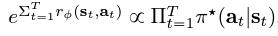 phi는 cumulative reward 가 joint probability density of actions given optimal policy에 비례하도록 한다.
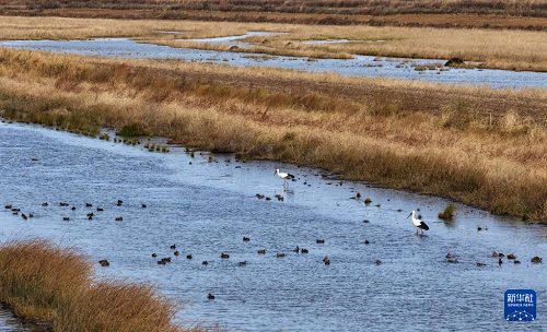 10月14日在黑龙江省同江市三江口国家湿地公园拍摄的东方白鹳和野鸭(无人机照片)。(新华社发 刘万平 摄)
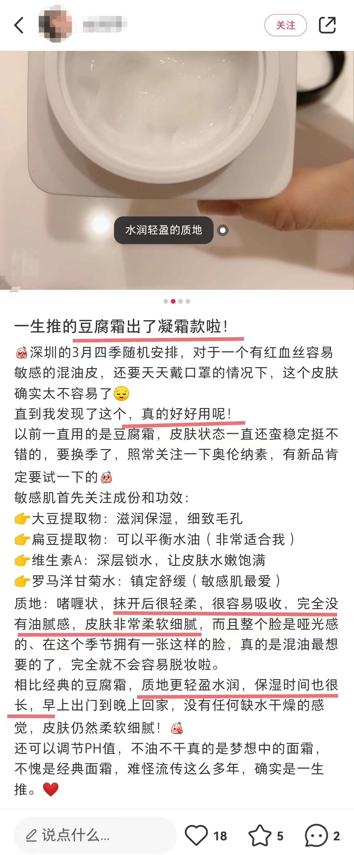 质地跟豆腐霜不一样,但这罐水凝霜同样拥有不俗的平衡水油、修护维稳能力!
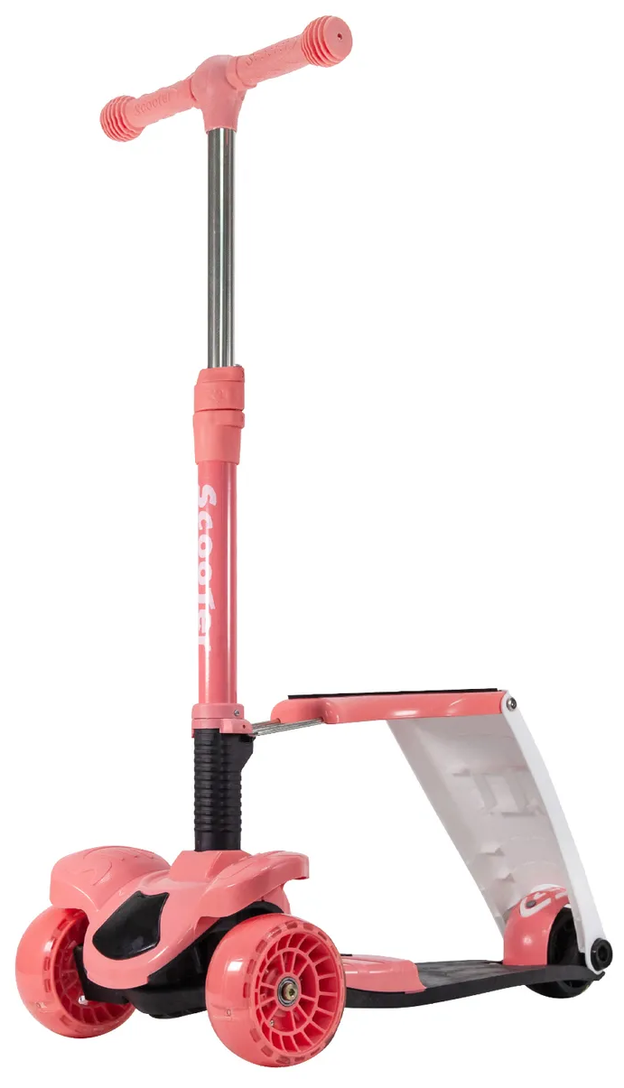 Самокат беговел детский Трехколесный складная ручка/складное сидение /светящиеся колеса 120 см интересное:

──────

Quote the listing above in full, except for the pictures.

» **Finished task**:
 phi는 cumulative reward 가 joint probability density of actions given optimal policy에 비례하도록 한다.
 10月14日在黑龙江省同江市三江口国家湿地公园拍摄的东方白鹳和野鸭(无人机照片)。(新华社发 刘万平 摄)
 质地跟豆腐霜不一样,但这罐水凝霜同样拥有不俗的平衡水油、修护维稳能力!
 Самокат беговел детский Трехколесный складная ручка/складное сидение /светящиеся колеса 120 см интересное:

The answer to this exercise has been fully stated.